Retratar a realidade
Resolvi fazer uma pausa do blog enquanto reajustava minha volta ao trabalho. Estava cansada de noticias, da troca de artigos e novas experiências no manejo ao coronavirus entre colegas médicos, de webinars e coisas do gênero, que sem duvida são necessários neste momento. Todos querem tornar-se especialistas em Covid-19, armar-se contra a pandemia. Mas este excesso de informação científica, tanto para profissionais de saúde quanto para o publico geral também é prejudicial e pode causar muita ansiedade. Eu me pergunto se não é uma tentativa obsessiva de controlar o que persiste, neste momento, incontrolável. Para alguns torna-se um ritual de TOC, simbolizado pela lavagem excessiva das mãos.
Leio num e-mail do NHS ‘o que temos neste momento para combater o coronavirus é oxigênio’. Concordo. Outro dia encontrei no Instagram uma foto de uma drag queen com um catsuit futurista azul celeste apertando um spray em direção ao céu numa paisagem bucólica. Miss Oxygen. Ela me fez rir. Sim, precisamos arejar nossas mentes. A camada de ozônio está felizmente aumentando. Que sirva de exemplo.
Eu trabalho com saúde mental, e também preciso cuidar da minha. Sou humana e saí de uma saison en corona enfer muito recentemente. Tive sintomas que me assustaram, isolada dentro de um quarto por dias, e cheguei a ligar para uma ambulância. Tive que lidar com outros casos de Covid-19 na família, e dar algum tipo de suporte médico também (sou apenas uma médica). Perdi meu sogro bruscamente para este vírus maldito. Ele era uma pessoa feliz, saudável, fazia muito por sua comunidade e era um marido, pai e avô dedicado. Há pouco mais de um mês pedimos o mesmo prato num restaurante, quando as primeiras mortes eram anunciadas na mídia. Ele fez um comentário irônico, com o seu senso de humor peculiar. Fazia shows de mágica para as crianças. Agora esse disappearing act! Hei de reencontrá-lo um dia escondido dentro do Musée de la Magie em Paris com algum truque novo. Coisas que rumino enquanto pedalo para o hospital.
No trabalho anunciaram que teremos que usar uniformes. Camisa polo e calças compridas. As cores serão variadas segundo a função. Para os médicos escolheram a cor preta. Uma espécie de mortalha oficializada, só pode. Como se já não fosse estranhíssimo interagir de máscara com os pacientes numa enfermaria psiquiátrica. Adoro afirmar a individualidade nas minhas roupas. Planejo usar meus turbantes e meus grandes colares e brincos de acrílico com cores bem vivas. Eu não vou aceitar passivamente essa escuridão desumanizante, eu vou me rebelar de alguma forma.

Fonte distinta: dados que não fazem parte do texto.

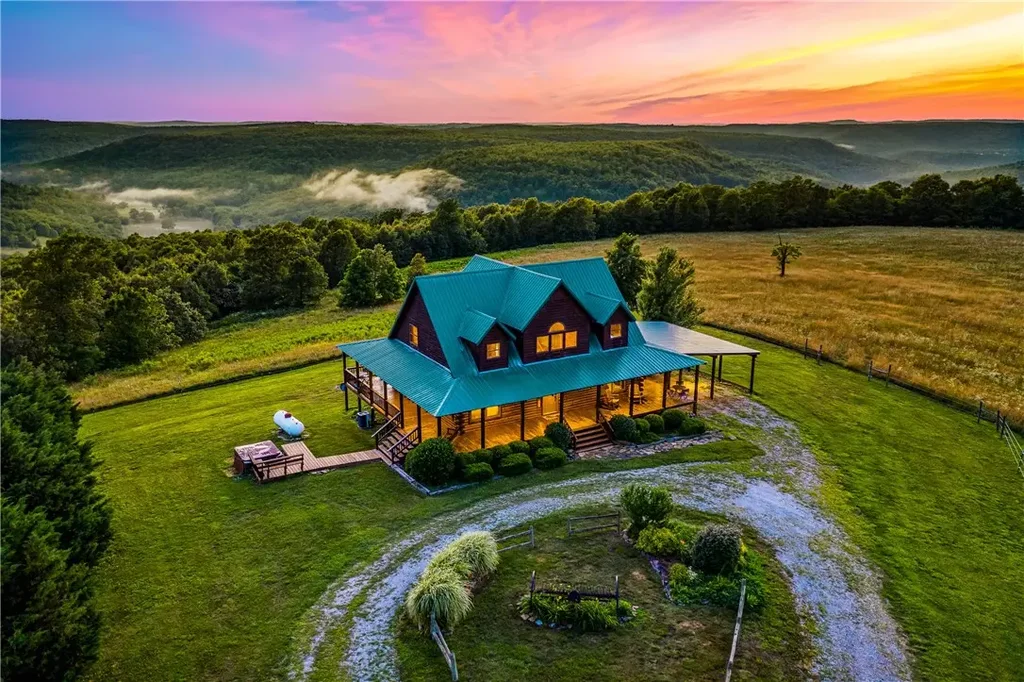 Here's your chance to own this rare Newton County property with 94+/- acres having a nice mix of pasture, hardwoods, a spring and spectacular mountain sunset views from your custom-built Log Cabin, AND one of the renowned "Mountain Springs" natural springs supplies fresh water to the home. This unique property offers 3 bedrooms, an office, 2.5 baths, an open floor plan highlighted by vaulted ceilings and a stunning catwalk that separates the upstairs bedrooms. Enjoy year-round outdoor living on the wraparound covered porch, where you can take in spectacular long-distance mountain sunset views or relax in the hot tub under the stars. Equestrian enthusiasts will appreciate the horse barn and pasture with fabulous trails to ride nearby. Bring your convertible and ride the scenic mountain highways because the drive is asphalt, leading from a state highway. There's a 24 X 30 carport attached to the home. Selling furnished and with appliances and hot tub conveying!

Ontem vi um programa novo excelente no Channel 4 sobre como os artistas estão lidando com o isolamento, com o artista inglês Grayson Perry, que é também o crossdresser mais famoso da Grã-Betanha. Ele não estava vestido como seu alter ego Claire. Estava lá como Grayson apenas, com roupas de drab sujas de tinta, e durante o programa desenhou sua mulher, e depois pintou o desenho numa prato de cerâmica. Disse que se sentiu vulnerável e fora da sua zona de conforto ao fazer aquele portrait em público. O programa teve a participação de artistas diversos do país, todos mostrando portraits de quarentena. Grayson Perry dizia como estamos todos feridos, de alguma forma, e precisamos retratar este momento.
A arte é uma garantia de sanidade, como disse Louise Bourgeois, e permite alguma forma de mágica. Nesse momento me sinto vulnerável para escrever um poema, talvez por usar uma outra técnica para escrever poesia, emocionalmente mais laboriosa, mas me alivia retratar minha realidade com as palavras. Há muitas mortes e perdas por aí. Precisamos mais que nunca de um pouco de imaginação e reinvenção para resistir, não podemos deixar que esse vírus nos destrua, que danifique a nossa saúde mental.
Ainda sobre os retratos. Eu estava há pouco admirando no computador um portrait recente de um artista do norte da Inglaterra no site da Saatchi Gallery. A tela mostra em primeiro plano uma menina séria e andrógina, de cabelos escuros e curtos, e um misterioso cobertor colorido ao fundo (seria um objeto transicional deixado para trás?) Eu gosto da expressão desta menina, da força do seu olhar. Das discretas pinceladas de dourado no céu, de pequenas áreas luminosas no seu rosto. Uma espécie de jovem anima alquimíca, desafiando enigmaticamente esta crise. Senti uma espécie de alento esta manhã.